Corporate Culture vs. Local Culture: The Impact on Management and HR

There are two predominant factors that impact the design of a Global Human Resources strategy:

  • Corporate Culture;
  • Local Culture.

Corporate culture refers to shared values, attitudes, standards, codes and behaviors of a company’s management and employees. It is rooted in the company’s goals, strategies, structure and approaches to business activities.

Local culture is learned and absorbed during the earliest stages of childhood, reinforced by literature, history, religion, teachers/schools and parents. It affects the way we perceive and judge events, how we respond to and interpret events, and how we communicate to one another in both spoken and unspoken language.

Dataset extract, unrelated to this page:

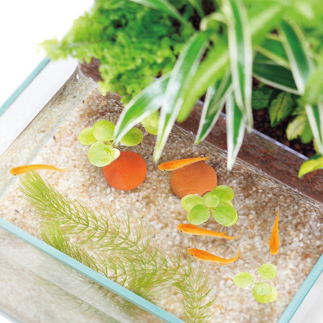 ハイドロカルチャー(水耕栽培)とアクアリウムが一緒に楽しめるメダカ水槽セットです。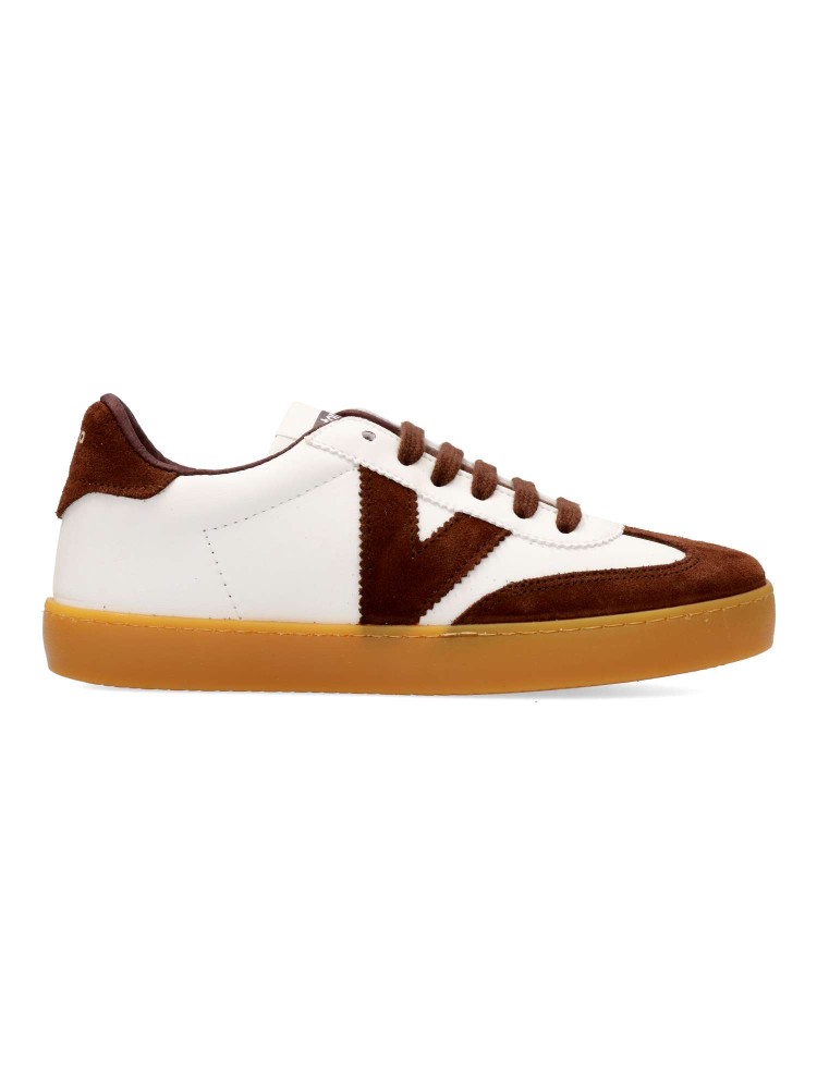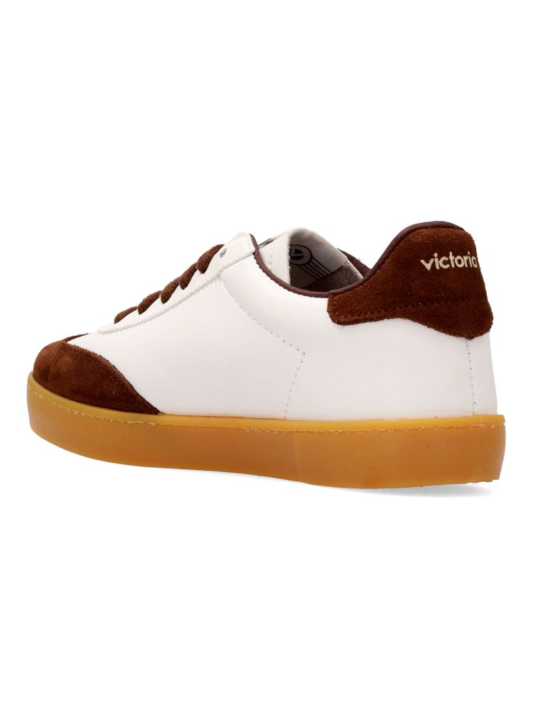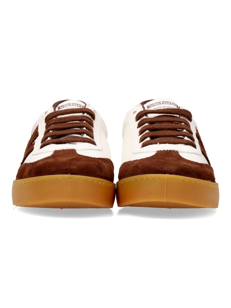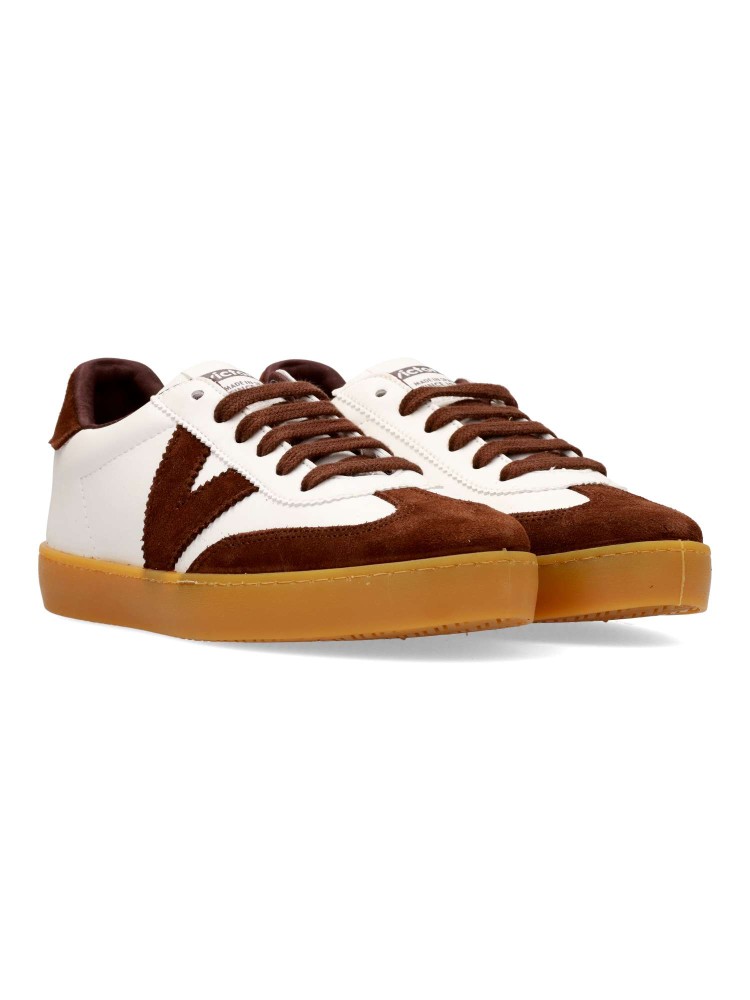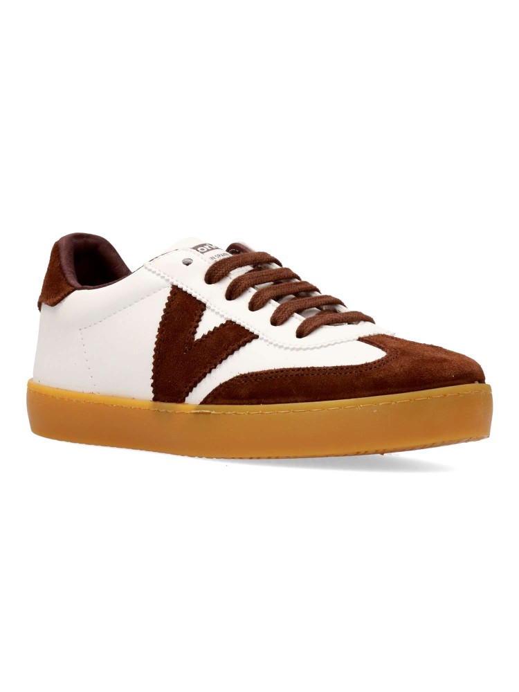 Zapatilla deportiva de mujer, estilo casual. Cierre de cordones. Sneakers cómodos, fabricados en piel serraje y sintético, con suela de goma. Plantilla acolchada. Color blanco-chocolate. Diseño sport, ideal con tu outfit informal o urbano. Hecho en España

Mastering corporate vs. local

Companies have to learn to master the paradox of global/corporate/standardization vs. local/ customization/responsiveness. In other words, corporate culture vs. local culture.

Let’s talk about how the sales and marketing functions deal with this paradox first before talking about HR.

A good example of a company that has made an attempt to integrate both corporate and local culture is McDonald’s. They insist on some aspects of standardization and values. Quality, cleanliness, speed and branding remain uniform. These values are not negotiable.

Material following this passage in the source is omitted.